Data section Start Marker

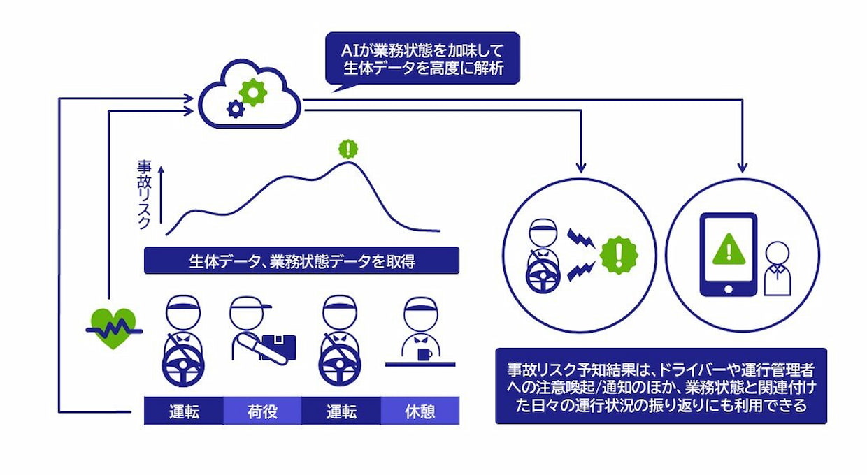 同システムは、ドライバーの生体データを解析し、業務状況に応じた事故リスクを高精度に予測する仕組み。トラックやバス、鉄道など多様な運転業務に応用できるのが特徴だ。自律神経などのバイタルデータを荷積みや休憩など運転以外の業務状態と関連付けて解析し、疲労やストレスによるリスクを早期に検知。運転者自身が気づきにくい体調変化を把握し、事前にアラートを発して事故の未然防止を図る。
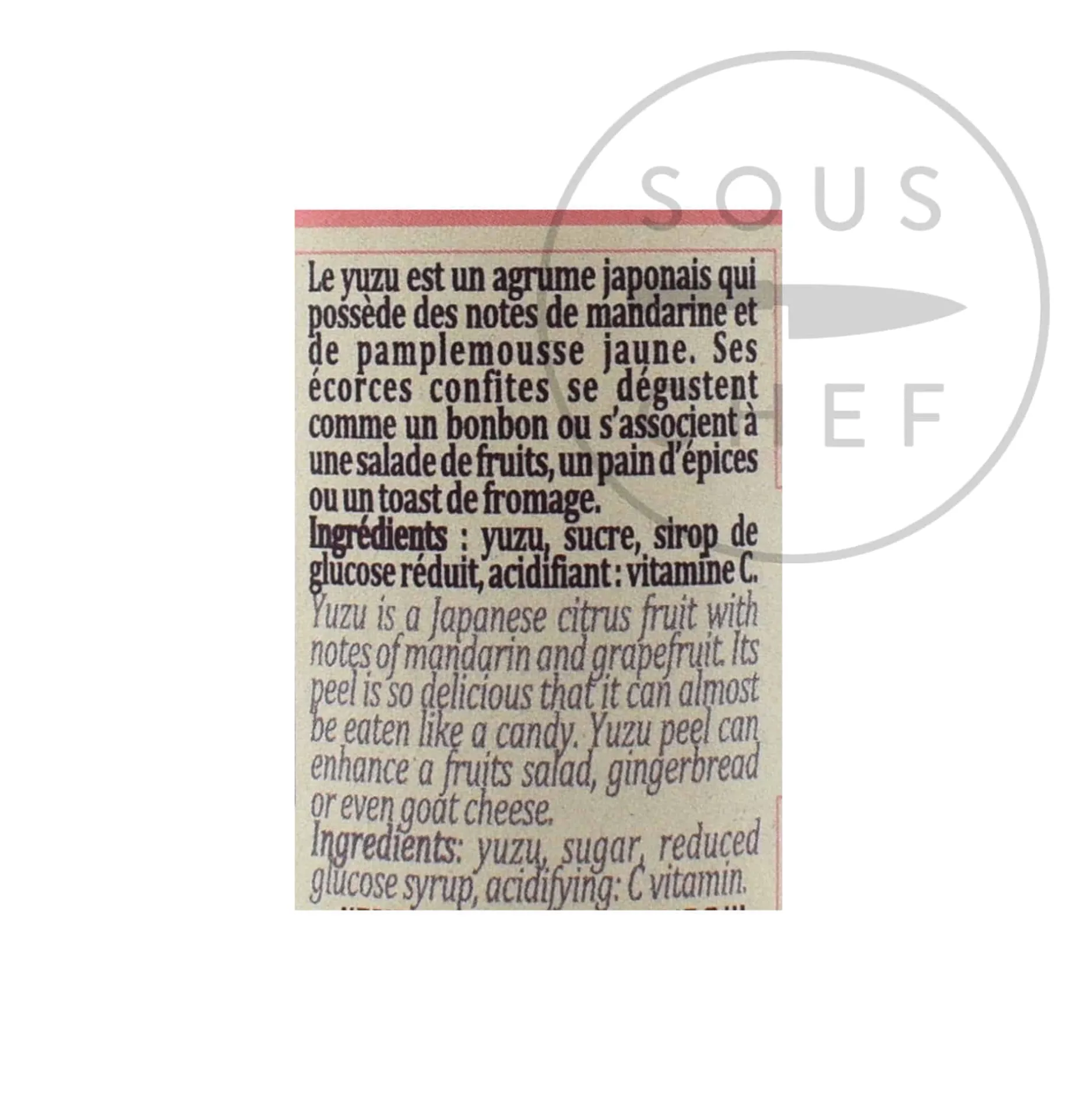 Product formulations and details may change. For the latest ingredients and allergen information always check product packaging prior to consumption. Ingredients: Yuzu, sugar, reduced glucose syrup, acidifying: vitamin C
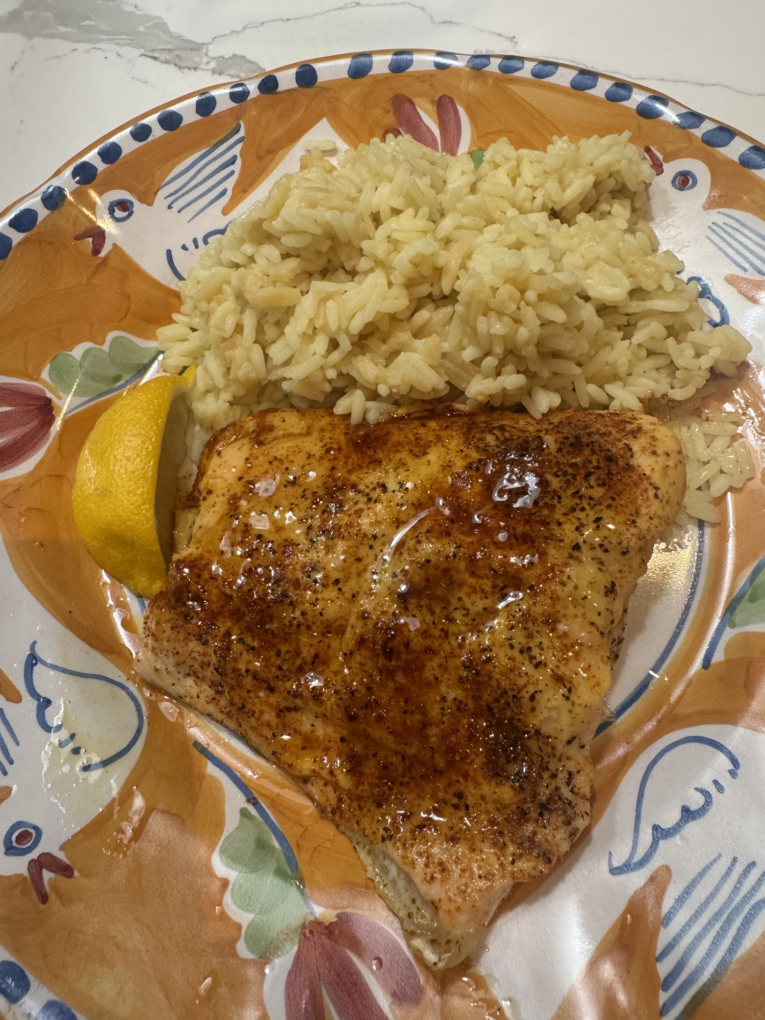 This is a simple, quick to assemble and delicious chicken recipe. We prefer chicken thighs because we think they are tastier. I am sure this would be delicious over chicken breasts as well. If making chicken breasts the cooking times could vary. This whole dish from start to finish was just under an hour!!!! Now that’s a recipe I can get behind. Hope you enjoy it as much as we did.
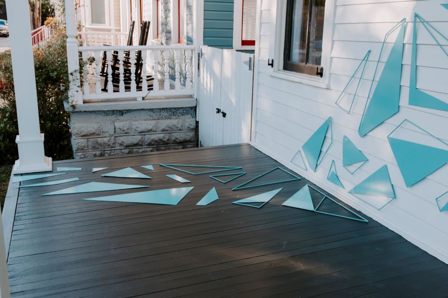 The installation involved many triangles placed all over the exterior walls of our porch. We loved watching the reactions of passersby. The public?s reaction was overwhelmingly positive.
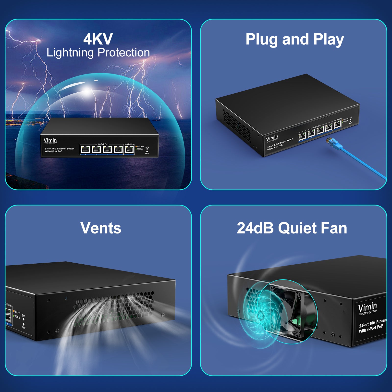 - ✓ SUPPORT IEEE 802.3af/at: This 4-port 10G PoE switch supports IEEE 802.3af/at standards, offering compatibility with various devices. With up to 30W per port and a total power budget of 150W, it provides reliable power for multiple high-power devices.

Data section End Marker
Data section Start Marker

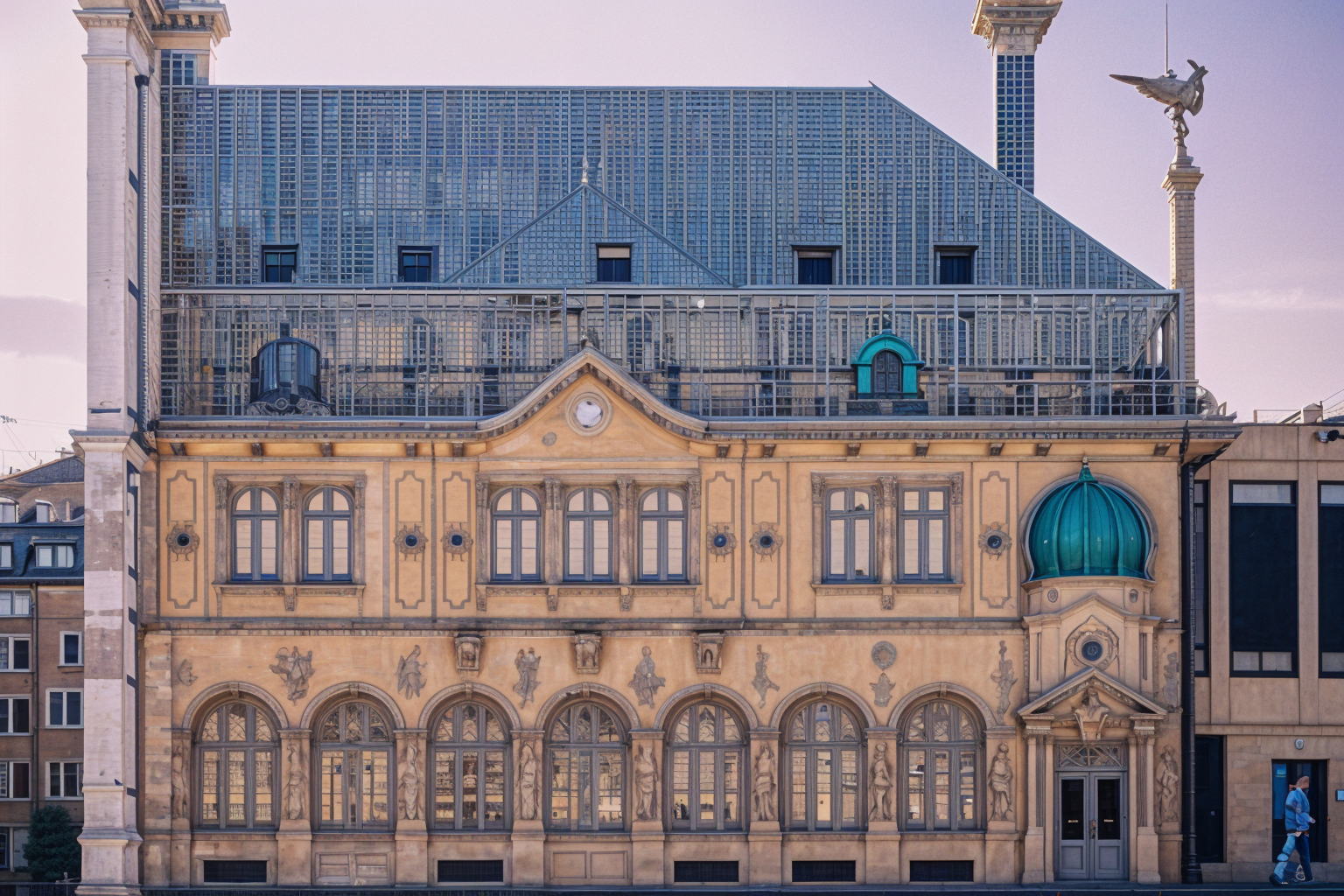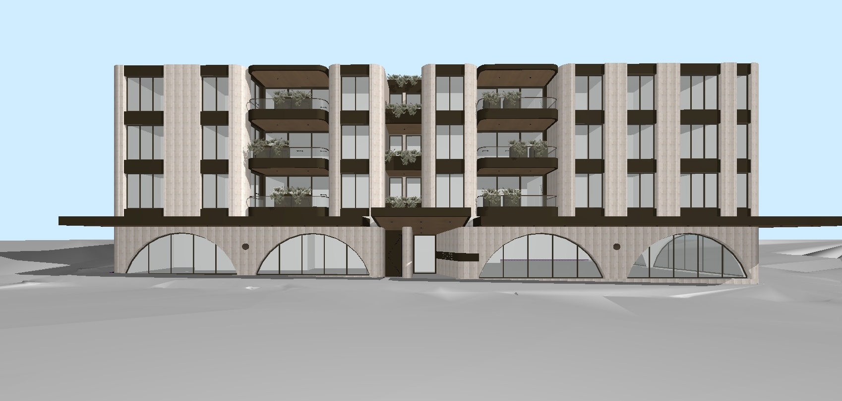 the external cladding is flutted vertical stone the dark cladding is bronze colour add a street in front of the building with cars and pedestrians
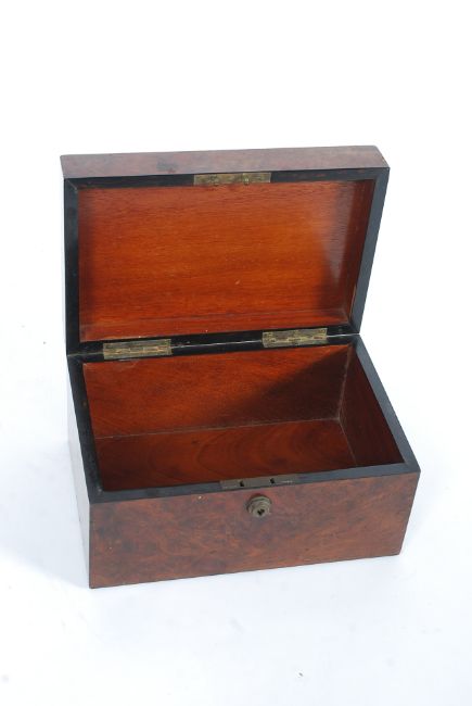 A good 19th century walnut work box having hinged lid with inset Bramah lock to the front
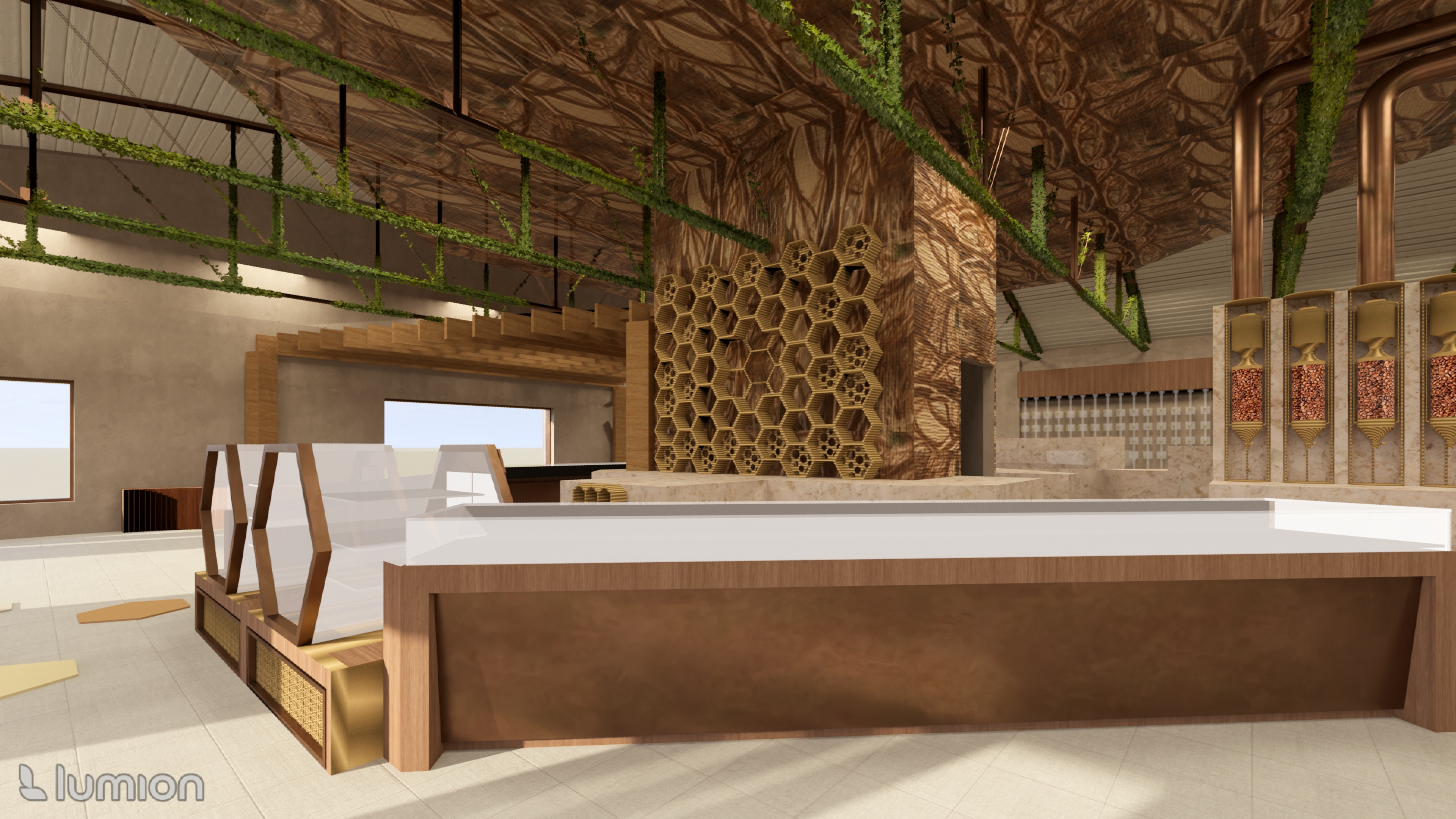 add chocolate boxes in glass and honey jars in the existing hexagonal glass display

Data section End Marker

An exact transcription is needed of the lines from the one with "同システムは、ドライバーの生" to the one with "- ✓ SUPPORT" above, both ends included, with pictures left out.

 同システムは、ドライバーの生体データを解析し、業務状況に応じた事故リスクを高精度に予測する仕組み。トラックやバス、鉄道など多様な運転業務に応用できるのが特徴だ。自律神経などのバイタルデータを荷積みや休憩など運転以外の業務状態と関連付けて解析し、疲労やストレスによるリスクを早期に検知。運転者自身が気づきにくい体調変化を把握し、事前にアラートを発して事故の未然防止を図る。
 Product formulations and details may change. For the latest ingredients and allergen information always check product packaging prior to consumption. Ingredients: Yuzu, sugar, reduced glucose syrup, acidifying: vitamin C
 This is a simple, quick to assemble and delicious chicken recipe. We prefer chicken thighs because we think they are tastier. I am sure this would be delicious over chicken breasts as well. If making chicken breasts the cooking times could vary. This whole dish from start to finish was just under an hour!!!! Now that’s a recipe I can get behind. Hope you enjoy it as much as we did.
 The installation involved many triangles placed all over the exterior walls of our porch. We loved watching the reactions of passersby. The public?s reaction was overwhelmingly positive.
 - ✓ SUPPORT IEEE 802.3af/at: This 4-port 10G PoE switch supports IEEE 802.3af/at standards, offering compatibility with various devices. With up to 30W per port and a total power budget of 150W, it provides reliable power for multiple high-power devices.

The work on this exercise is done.